3.1.16. 7-Amino-5-(4-chlorophenyl)-1,3-dimethyl-N-(3-methyl-5-oxo-4,5-dihydro-1H-pyrazole-1-carbonothioyl)-2,4-dioxo-1,2,3,4-tetrahydropyrido[2,3-d]pyrimidine-6-carboxamide (16)

A new methyl pyrazol-3-one derivative 16, was synthesized by refluxing of compound 6 (4.33 g, 10 mmol) with ethyl acetoacetate (1.3 mL, 10 mmol) in 10 mL of DMF, activation was made by sodium hydride (NaH, 0.24 g, 10 mmol) as a base for 14 h at 100 °C, with thin-layer chromatography (TLC) tracking the development. Following completion, introducing precipitate after cooling was made by adding 50 milliliters of crushed ice. Following vacuum filtration, the solid was collected, and any impurities were removed by washing it with cold ethanol. By recrystallizing ethanol, pure compound 16 was produced as a pale orange powder.
Yield 79%; m p 229–231 °C; IR (νmax/cm−1): 3341, 3194 (NH2), 3061 (CH-arom.), 2931, 2839, 2816 (CH-Aliph.), 1727 (C=O pyrazalone), 1703, 1652 (2C=O uracil), 1597 (C=O amide), 1560 (C=N pyridine), 1516 (C=N pyrazalone), 1491 (C=C arom.), 1090 (C=S). 1H-NMR (DMSO-d6, 400 MHz,) δ = 1.94 (s, 3H, CH3), 3.01 (s, 2H, CH2), 3.06, 3.16 (s, 6H, 2CH3), 7.14–7.39 (m, 4H, Ar-H), 8.30 (brs, 2H, NH2 exchangeable), 12.42 (brs, 1H, NH exchangeable) ppm; 13C-NMR (DMSO-d6, 100 MHz) δ = 16.00 (1C, CH3 pyrazalone), 23.32, 26.13 (2C, 2CH3), 45.05 (1C, CH2), 103.60 (2C, 2C pyridine-C=O), 127.52, 128.07, 129.07, 129.33, 129.84, 131.64 (6C, C-Ar), 151.34 (1C, C pyridine-Ph-Cl), 154.58, 158.89 (2C, C=O uracil), 159.58 (2C, 2C=N pyridine, pyrazole), 161.25 (1C, C pyridine-N-CH3), 165.33 (1C, 1C=O pyrazole), 170.06 (1C, C=O amide), 182.25 (1C, C=S) ppm; MS: m/z = 499 [M+], 245 (100%). Anal. Calcd for C21H18ClN7O4S (499.93): C, 50.45; H, 3.63; Cl, 7.09; N, 19.61; O, 12.80; S, 6.41%. Found C, 50.48; H, 3.70; Cl, 7.12; N, 19.61; O, 12.82; S, 6.41%.

3.2. Biological Activity

The supplementary material included all descriptions of all in vitro investigations.

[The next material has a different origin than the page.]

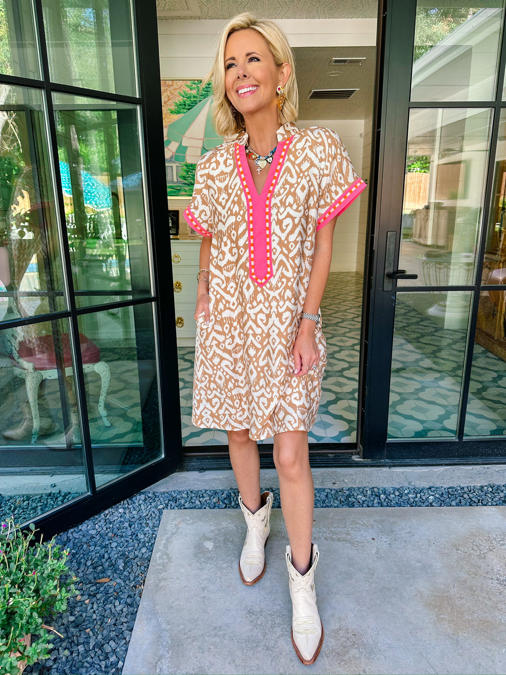 She’s effortlessly easy with just the right touch of sweet. The Sandswept V-Neck Dress in soft beige is your go-to for relaxed days that still call for a little something special. Her subtle pink piping along the sleeves and collar adds a gentle pop of color, while her breezy silhouette makes her perfect for pairing with your favorite sandals or sneakers. Whether you’re grabbing coffee or out shopping with your girls, she’s the kind of dress that makes simple feel beautiful.

3.2.1. Assessment of Antiproliferative Activity

Three human malignant cells were acting as evaluating agents of the antitumor efficacy of the newly obtained 1,3-dimethyl-2,4-dioxopyrido[2,3-d]pyrimidine -based derivatives 116 in vitro in order to determine their IC50 values.

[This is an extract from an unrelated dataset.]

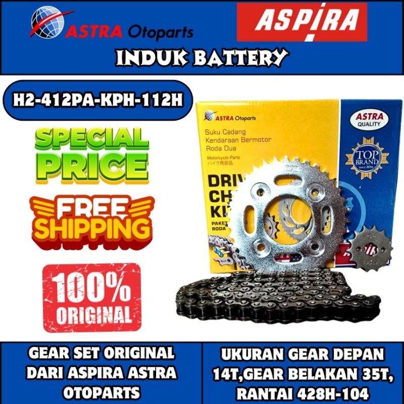 GIR SET SUPRA X 125 , KARISMA , KIRANA ASPIRA KPH ASTRA ORI 1 SET GEAR DEPAN BELAKANG PLUS RANTAI /variasi/modif/Taka Jaya Motor/Official/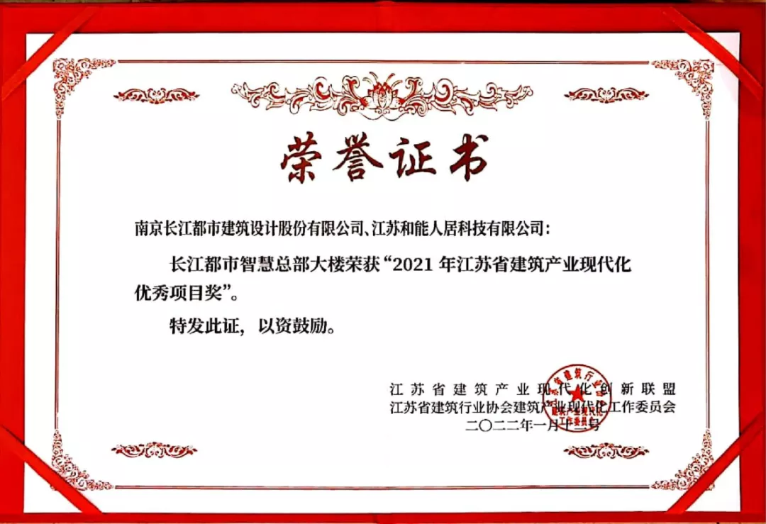 和能人居科技榮獲“2021年度江蘇省建筑產業現代化突出貢獻單位”獎,以及“2021年度江蘇省建筑產業現代化優秀項目獎”,同時,和能人居科技副總裁田冠勇被授予“2021年度江蘇省建筑產業現代化先鋒人物稱號”。

3.2.2. In Vitro Enzyme Inhibitory Assay Against EGFRWT, Mutant EGFRL858R, and EGFRT790M

The inhibitory effect of newly 1,3-dimethyl-2,4-dioxopyrido[2,3-d]pyrimidine derivatives 1 and 2 against EGFRWT, mutant EGFRL858R, and EGFRT790M was investigated in vitro in comparison to erlotinib.

3.2.3. Cell Cycle and Apoptosis Analysis

Apoptosis research and cell cycle analysis were used on malignant MCF-7 cells for 1,3-dimethyl-2,4-dioxopyrido[2,3-d]pyrimidine derivative 1 through flow cytometry.

3.2.4. In Vitro Wound Healing Assessment

The screening procedure and details made use of the wound healing (scratch assay) were provided in the ESI materials.

3.2.5. In Vitro Antibacterial Assessment

Using the agar plate diffusion technique, the inhibition zone widths of 1,3-dimethyl-2,4-dioxopyrido[2,3-d]pyrimidine -based derivatives 116 were examined against a number of species. The two-fold serial dilution method was used to further assess the minimum inhibitory concentration (MIC).

3.3. Computational Studies

3.3.1. ADMET In Silico Evaluation

The admetSAR 1.0 free web tools can be used to analyze the ADMET evaluation of the targeted drugs and SwissADME.

3.3.2. Docking Simulation

ChemDraw version 12 was used to draw Compounds 1 and 2, which were then transformed to 3D and energy-minimized in MOE (v.2024.0601). The Protonate 3D procedure was used to build the EGFRWT and EGFRT790M crystal structures (PDB: 1M17, 3IKA) for docking upon collection from the Protein Data Bank.
Prior to evaluating the compounds in the ATP-binding sites, Triangle Matcher placement and the London dG score function were employed for docking, which was confirmed by re-docking native ligands. The same procedure was used to produce and dock HCV NS5A (PDB: 1AJ6, 3FQM) and E. coli DNA gyrase. The Supplementary Information contains all of the experimental details.

3.3.3. Molecular Dynamics Simulation

The supplementary file contains the specifics of the molecular dynamics simulation of 1,3-dimethyluracil derivative 1 with EGFRWT and mutant EGFRT790M.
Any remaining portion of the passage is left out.